I keep my fridge at ~34 deg. F....













BACON 7-2017 004.JPG



__ daveomak
__ Aug 25, 2017






I really like this butcher paper and the way it breathes and keeps meats...   I guess this OLD DOG learned some new stuff....  

Thanks for looking....

Dave....

......


----------



## pit 4 brains (Aug 25, 2017)

Dave,

Do you have a name brand and source of supply for that paper? I've been eyeballing some bellies lately and I want to get back into production when our weather cools down. Is that paper waxed on one side at all? Nice lookin bacon there!


----------



## daveomak (Aug 25, 2017)

PFB, morning.....   It's available on Amazon....  that's where I bought it....  

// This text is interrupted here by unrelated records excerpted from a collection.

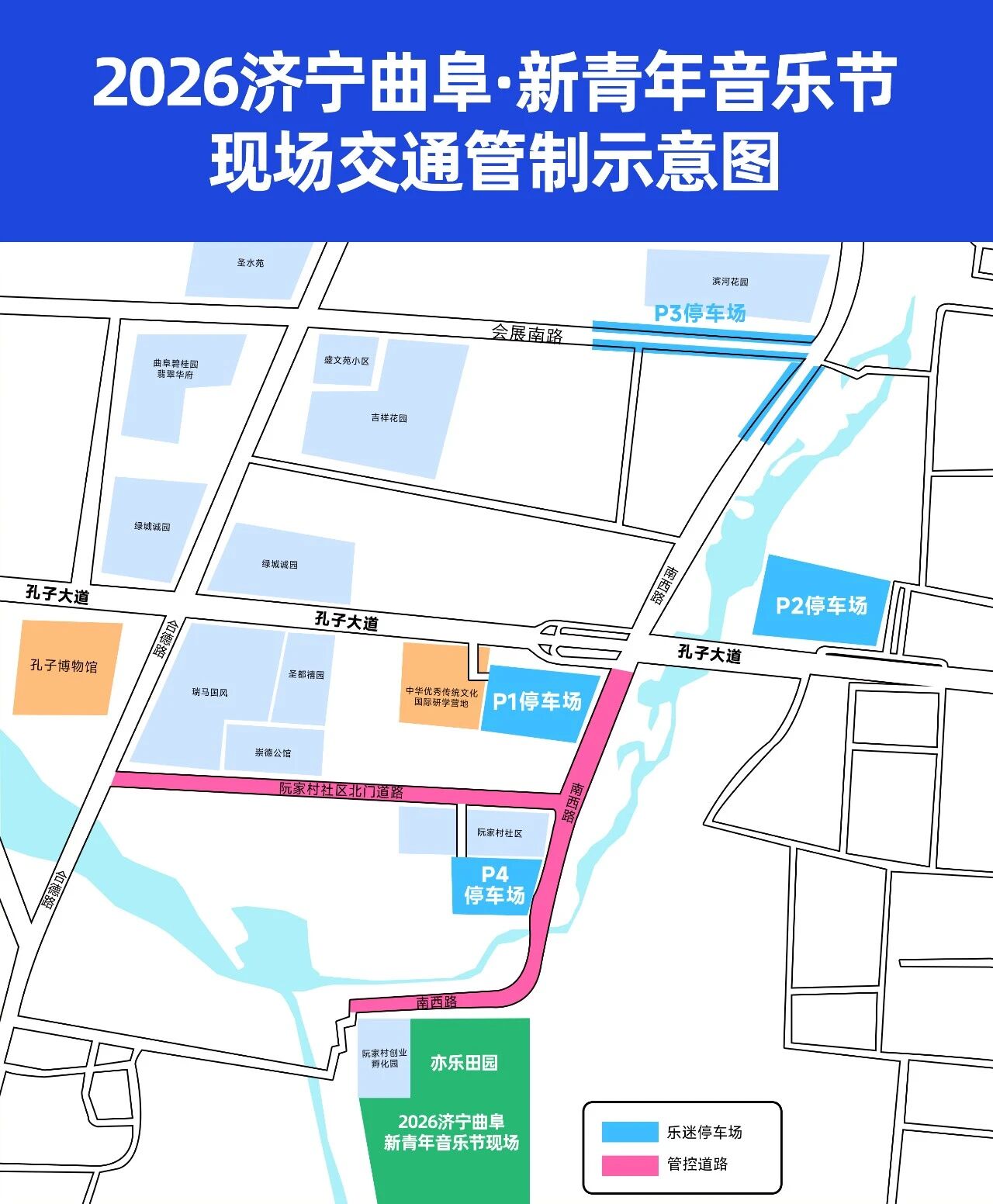 2026济宁曲阜·新青年音乐节将于4月18日13时至21时45分、4月19日13时至21时45分在曲阜市亦乐田园举办。为确保活动期间道路交通安全有序畅通,根据《中华人民共和国道路交通安全法》第三十九条之规定,决定对亦乐田园周边路段实施临时交通管制,现将有关事项通告如下:
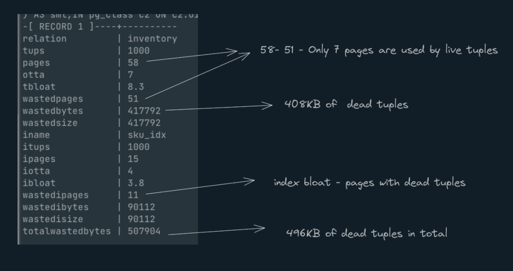 All tuples that has ‘xmax‘ value non-zero are dead tuples. In the above usecase, you will see that for 1000 live tuples, there is 3X dead tuples increasing the no of pages for tables and indexes.
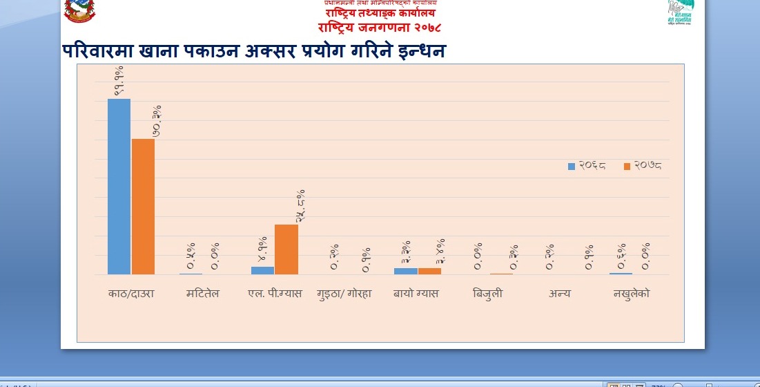 According to the 2068 BS census, approximately 91 percent of households were cooking meals using wood fires. However, the latest national census conducted in 2078 BS reveals that only 70.30 percent of families continue to utilize this traditional cooking method. Notably, the census data indicates zero usage of kerosene for cooking in the Far West.
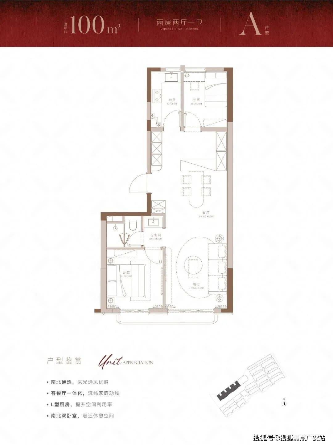 建面约100m²大2房户型,带来的不仅是方正的布局,也为购房者带来了体验感超绝的视野和采光。
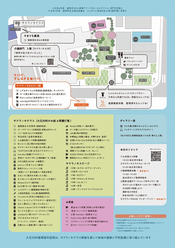 お医者さん・お茶屋さん・農家さん・整体師さんなど様々な仕掛人が月に一度、大石内科循環器科医院のお庭(サクラノキテラス)を街に開いて皆さんと一緒に「多世代・多様な人がごちゃ混ぜに交われる場」を目指しています。
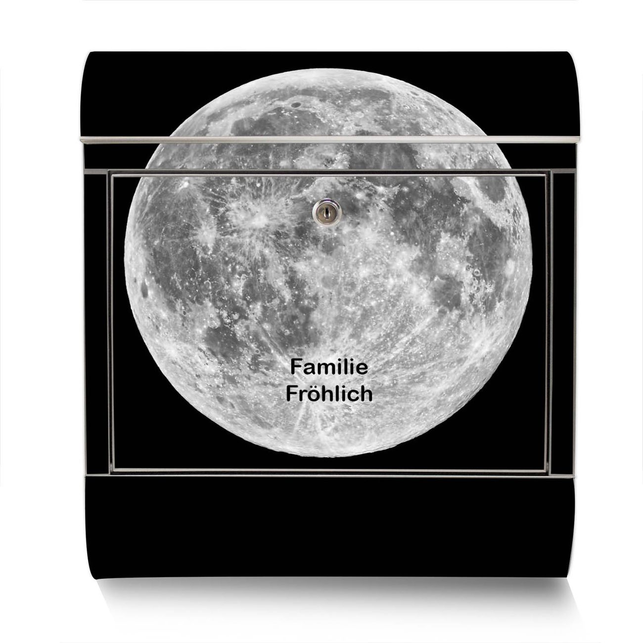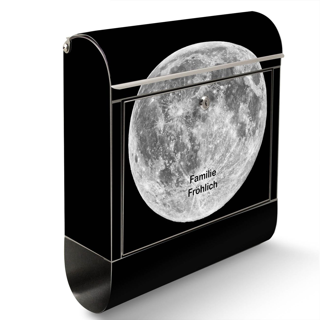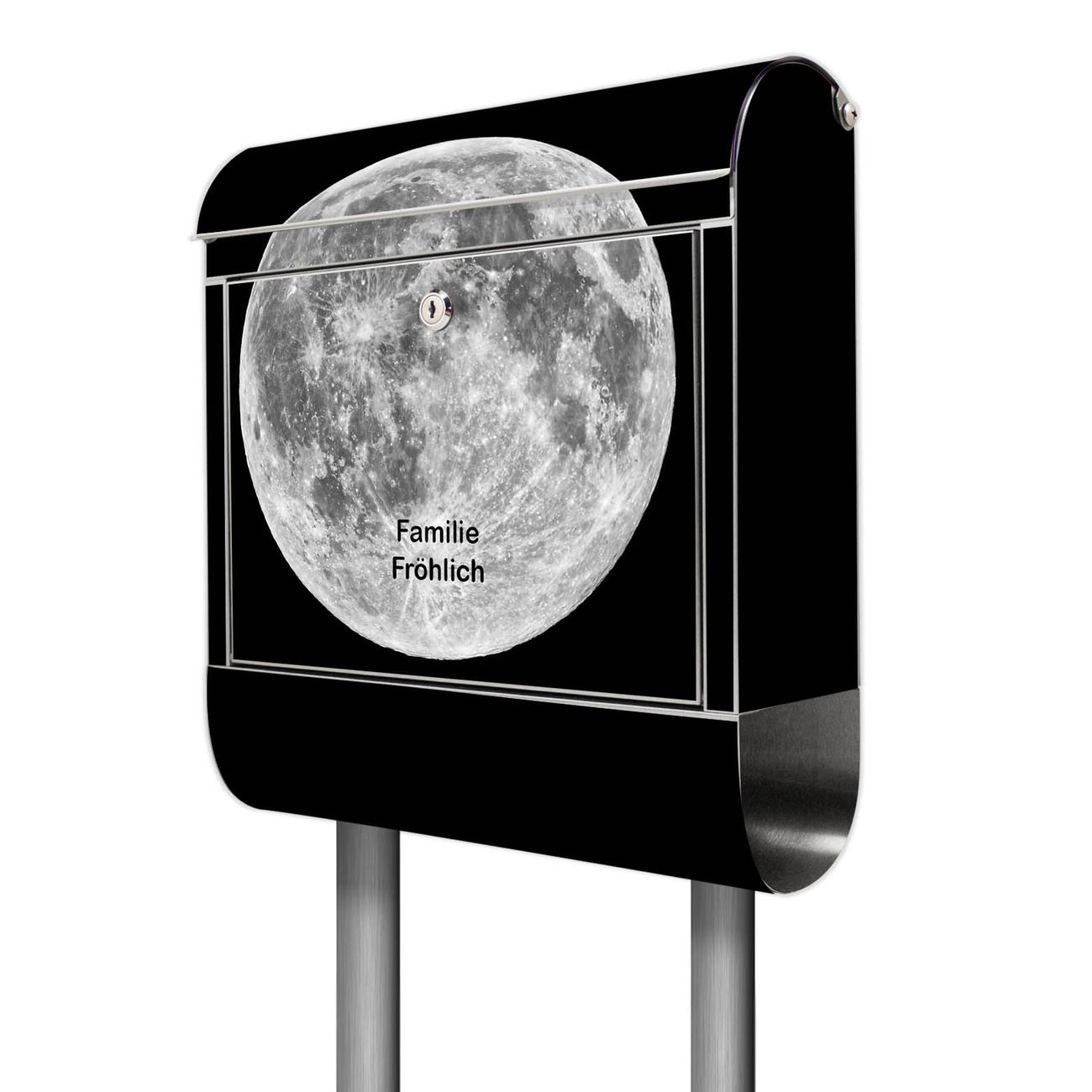 Der banjado Edelstahl Standbriefkasten mit Motiv Mond und eigenem Wunschtext bietet Ihnen mit seinem Fassungsvermögen genügend Platz auch für große A4 Sendungen. Das integrierte Zeitungsfach eignet sich hervorragend, um unkompliziert die Tageszeitung zu fassen.
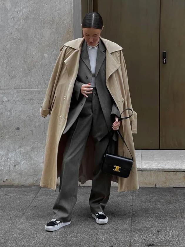 灰色套裝+卡其色風衣,這樣的疊穿打扮,最適合秋冬季節的了,不僅有大女人風範,還不失氣質。
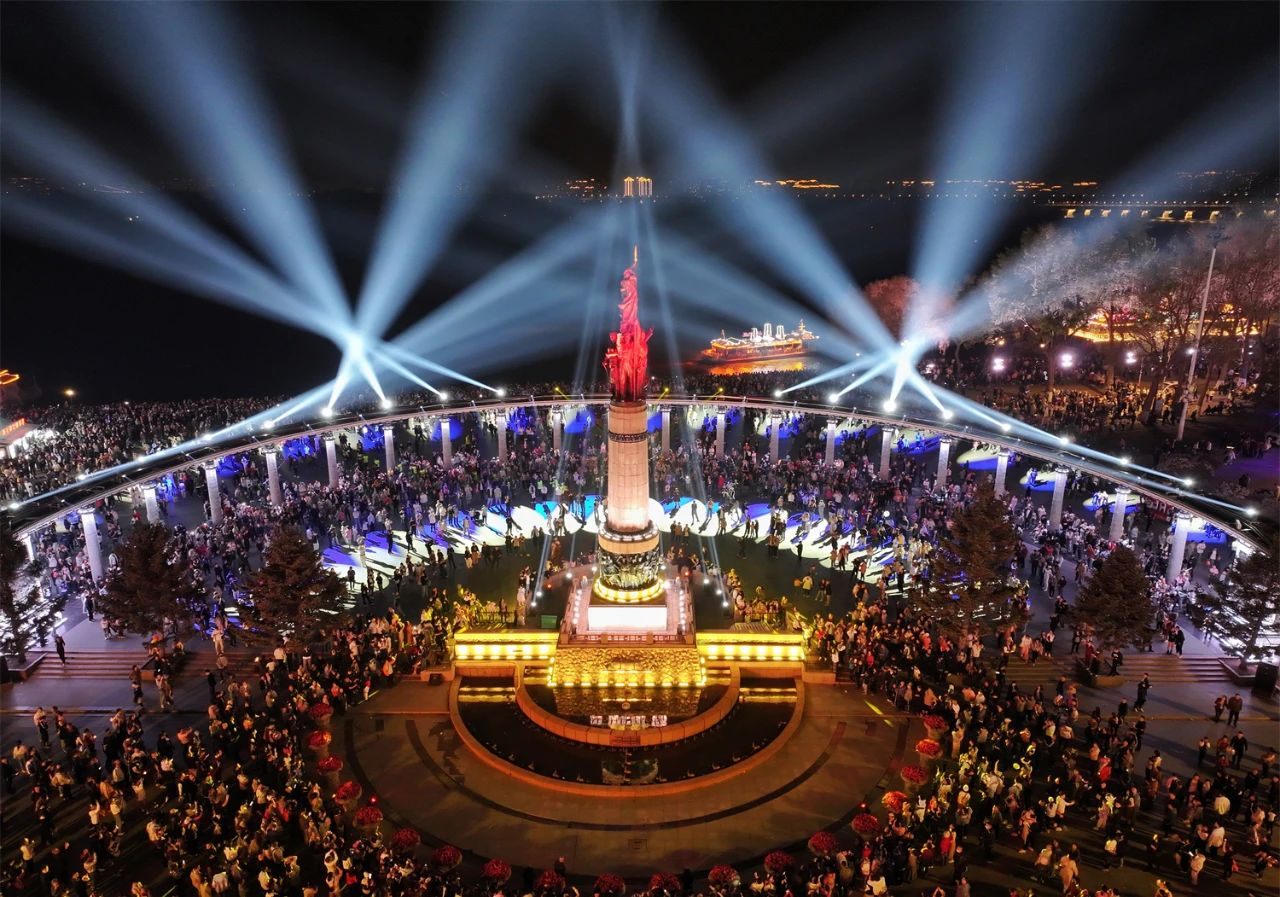 光影秀点亮哈尔滨防洪纪念塔(央广网发黑龙江省文旅厅供图)
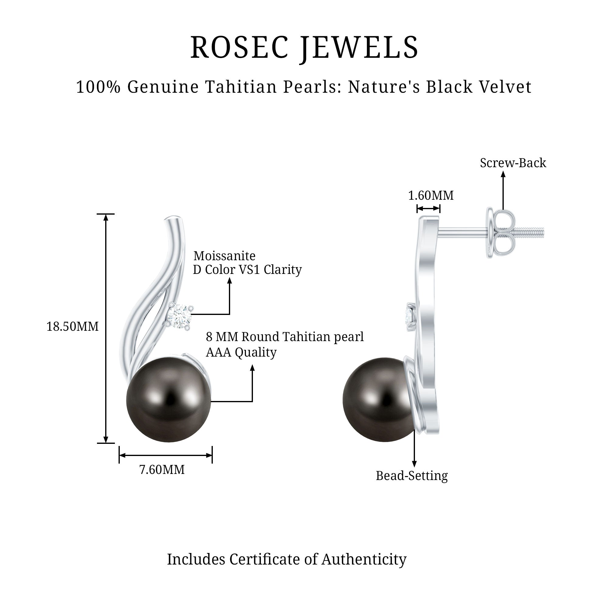 Tahitian Pearls are highly valued because of their rarity. This Gorgeous Pair has a Unique design with a Black Tahitian Pearl Drop and a Moissanite gemstone. Their beautiful black color is embraced by ladies worldwide, making it a perfect pair to bring out the uniqueness in your loved ones.

It's USDA certified...  The reason I bought this stuff....  We sell millions of tons of recycled paper to China...  Who knows where it's been...  and they make butcher paper out of recycled stuff, and sell it back to us....   Not on my food.. is the way I think of it....

It is not coated... it breathes..  or something like that...  

The bacon... I was sort of copying Robert's bacon recipe..  

Dave


----------



## pit 4 brains (Aug 25, 2017)

DaveOmak said:


> PFB, morning.....   It's available on Amazon....  that's where I bought it....
> 
> 
> 
> ...


Wow, I really want this for wrapping up my cured pork butts when I give them out. Sure will make for a nice presentation! Thanks for the lead!

-Pete


----------



## daveomak (Aug 25, 2017)




----------



## pit 4 brains (Aug 26, 2017)

The roll with the tube was unavailable today... 
	

	
	
		
		



		
		
	


	





I opted for the smaller roll without the tube... 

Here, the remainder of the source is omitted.